**WORK ORDER**
Transcribe nothing except the lines below that run from the one with "Kruvaze Yaka Ve" to the one with "Задержан рейс из", ends included, and do not copy any picture.

_ _ _ _ _

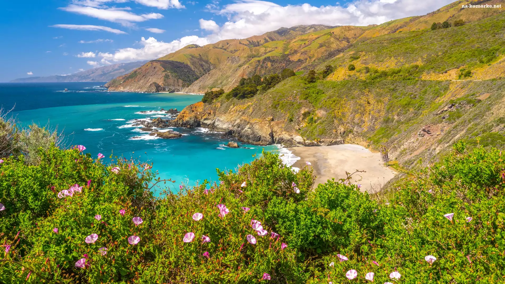 Wybrzeże, Morze, Chmury, Plaża, Stany Zjednoczone, Góry, Kalifornia, Kwiaty, Region Big Sur na Komórkę |
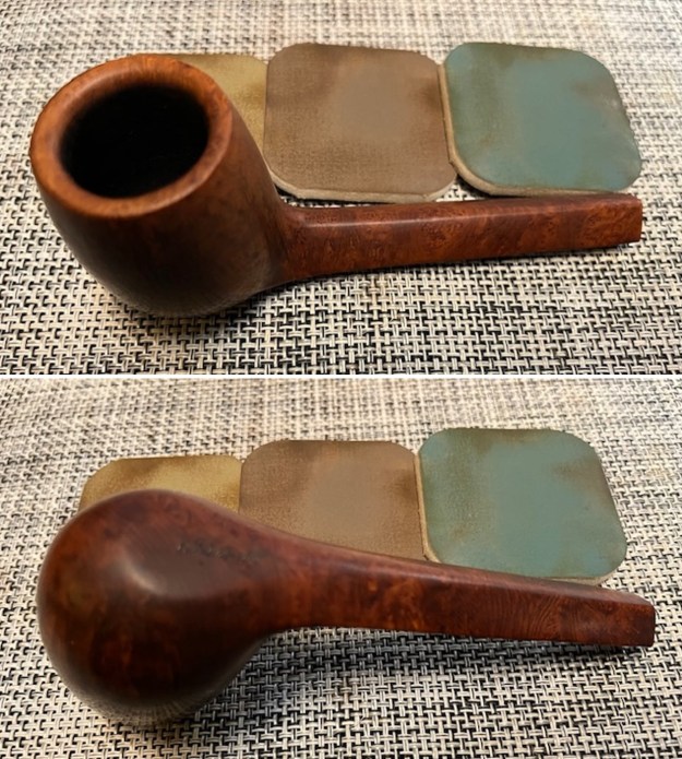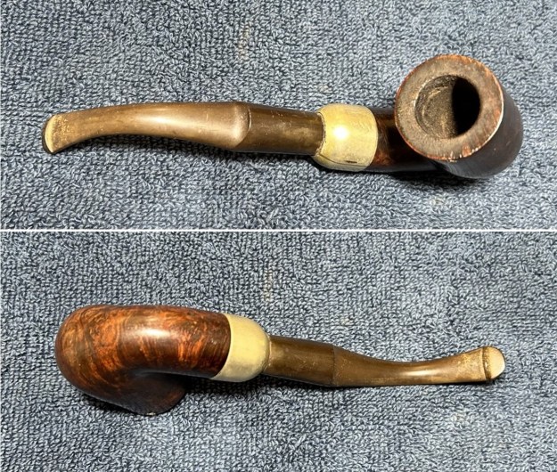 This is awfully helpful in dating this pipe. I can comfortably say that this pipe dates from 1945 through 1947, that is to say, just short of 80 years (at the time of writing).
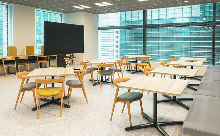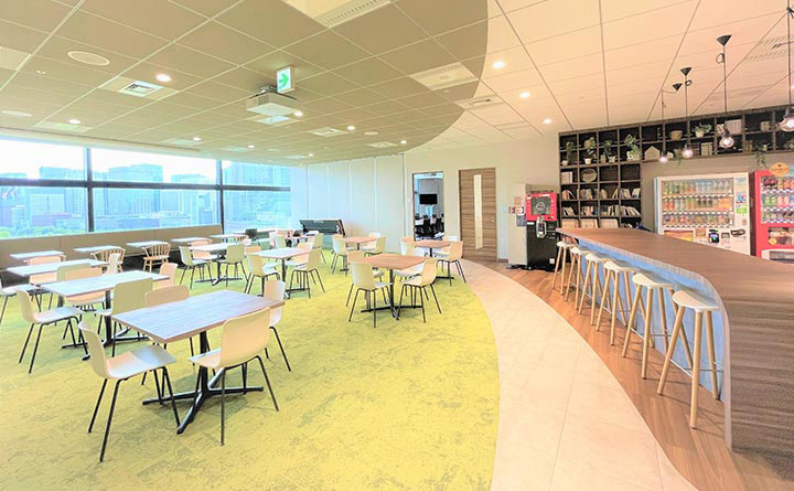 社員専用ラウンジは、社員が業務の合間に休憩できるように緑を基調としたレイアウトになっています。
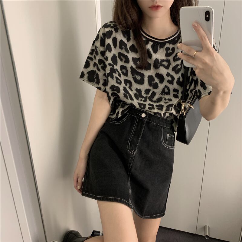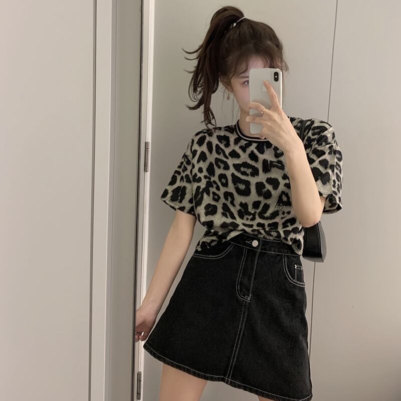 ヒョウ柄半袖Tシャツレディース2020年夏ネットレッドカップル新バージョンは、ルーズなデザイン感の薄いトップスを着ています タオタオイ74356677137
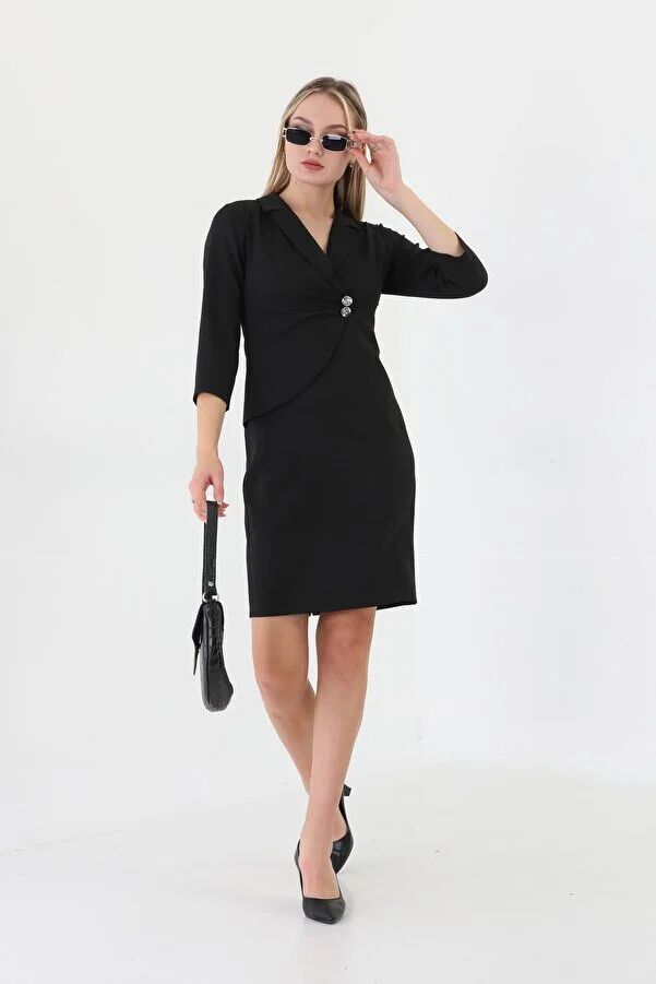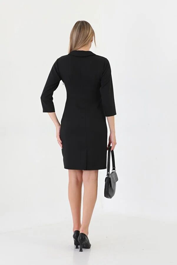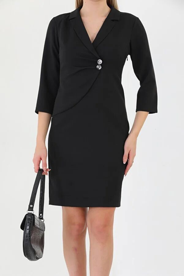 Kruvaze Yaka Ve Ön Kısmı Düğme Detaylı Ofis Elbise ETS5221LACI 42 - Siyah
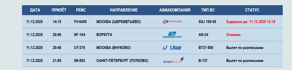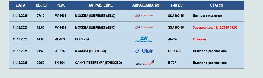 Задержан рейс из Сыктывкара в Москву с вылетом в 12:00 и рейс из Москвы в Сыктывкар с прилётом в 14:15. В аэропортах Москвы отменили и задержали почти 200 рейсов из-за масштабной атаки дронов.
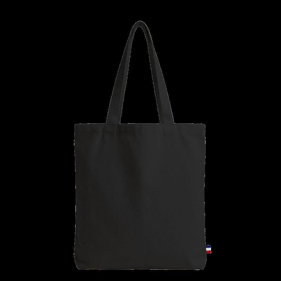 Collection de totes bags marines et noirs dans plusieurs grammages. Confectionnés en France à partir de coton et polyester recyclés, certifiés Origine France Garantie, ils sont également incroyablement solides et durables.
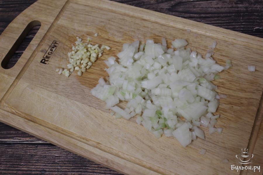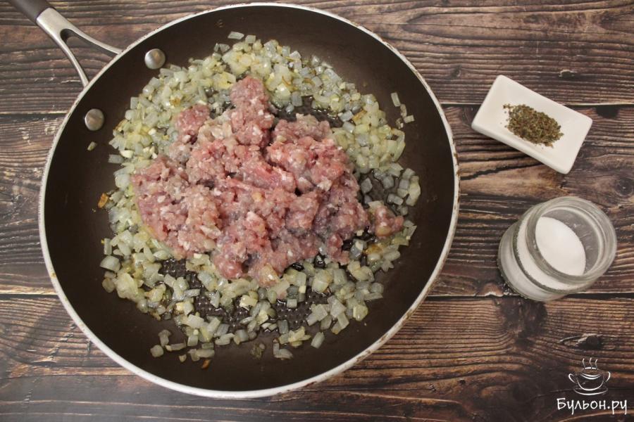 2. Переложим лучок в сковороду и обжарим, чтобы образовалась легкая золотистая корочка. Затем добавим чесночок и продолжим еще немного обжаривать, буквально 2-3 минутки. Добавляем фарш, приправляем прованскими травами и солью. Тушим до испарения жидкости, после чего еще слегка обжариваем.
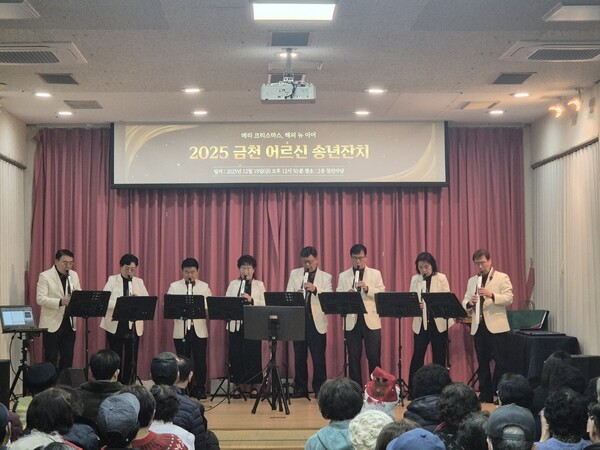 2025년 12월 19일(금), 서울 금천노인종합복지관(구자훈 관장)에서 송년잔치를 열어 한 해를 함께한 회원들과 따뜻하게 마무리하는 시간을 가졌다. 이날 행사에는 약 300명의 회원이 참여했으며, 유성훈 금천구청장과 이인식 금천구의회 의장이 함께해 자리를 빛냈다.
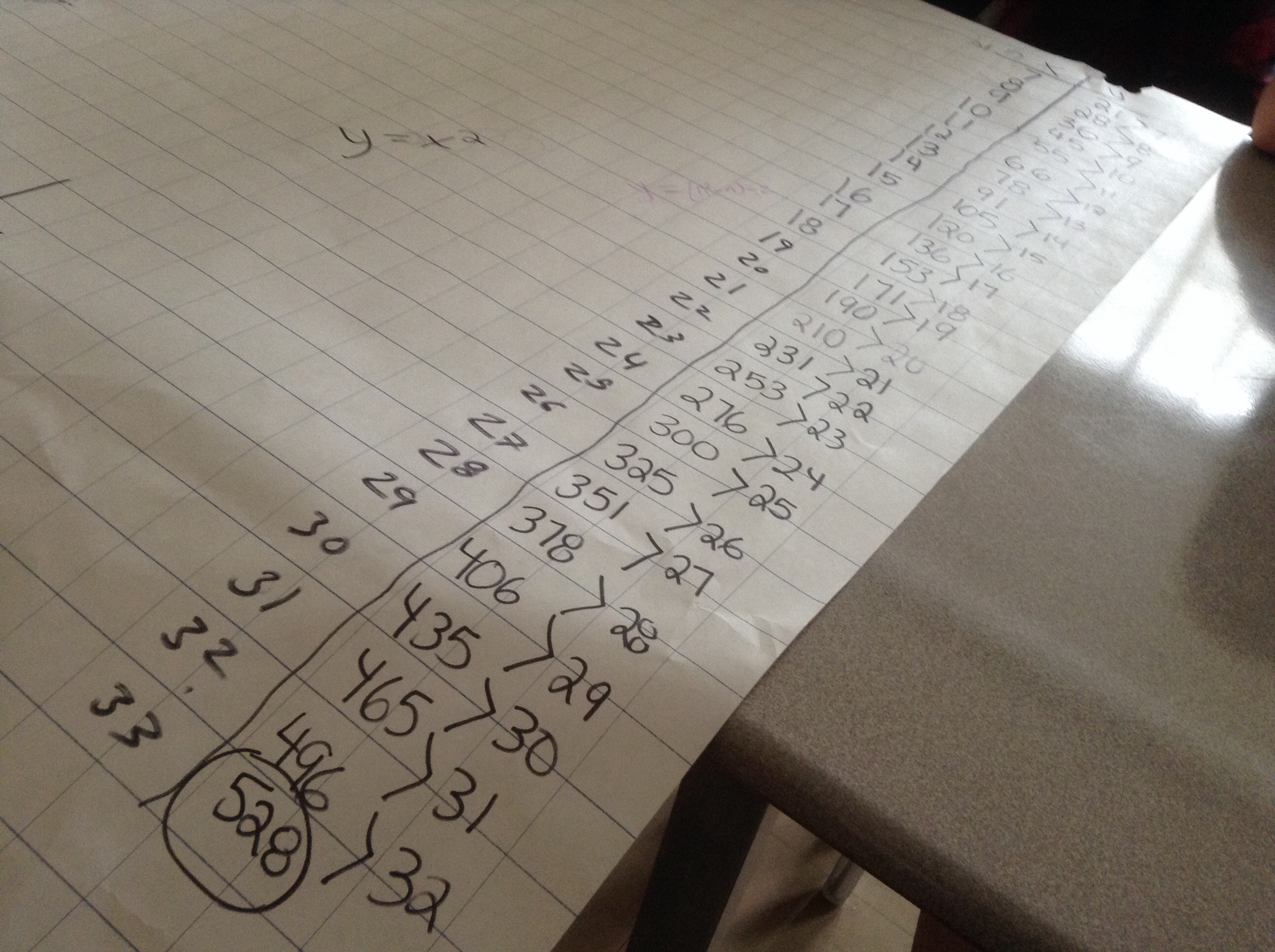 we modelled the situation with a table and graph, and someone even found an equation to use as well! This is our introduction to quadratic data.
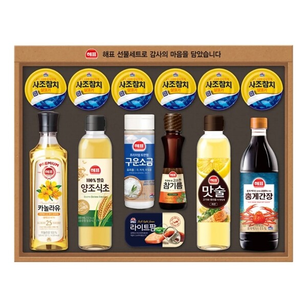 - [사조] 안심특선 V66호(살코기참치 85g*6개,카놀라유 500ml*1개,양조식초 500ml*1개,라이트팜 115g*1개,토판소금 200g*1개,고소한참기름 110ml*1개,맛술 500ml*1개,홍게간장 500ml*1개)
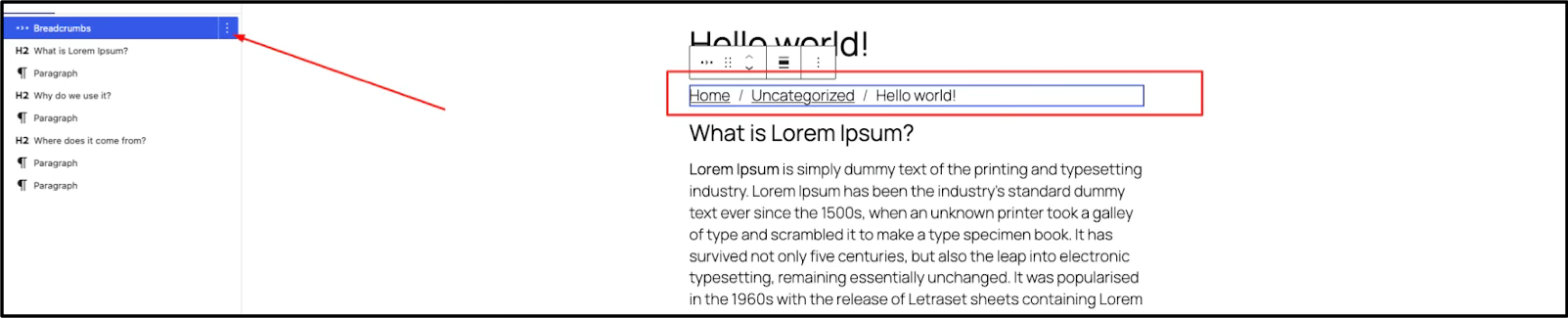 The Breadcrumbs block automatically displays page hierarchy and navigation paths.

_ _ _ _ _

**ANSWER BELOW**
 Kruvaze Yaka Ve Ön Kısmı Düğme Detaylı Ofis Elbise ETS5221LACI 42 - Siyah
 Задержан рейс из Сыктывкара в Москву с вылетом в 12:00 и рейс из Москвы в Сыктывкар с прилётом в 14:15. В аэропортах Москвы отменили и задержали почти 200 рейсов из-за масштабной атаки дронов.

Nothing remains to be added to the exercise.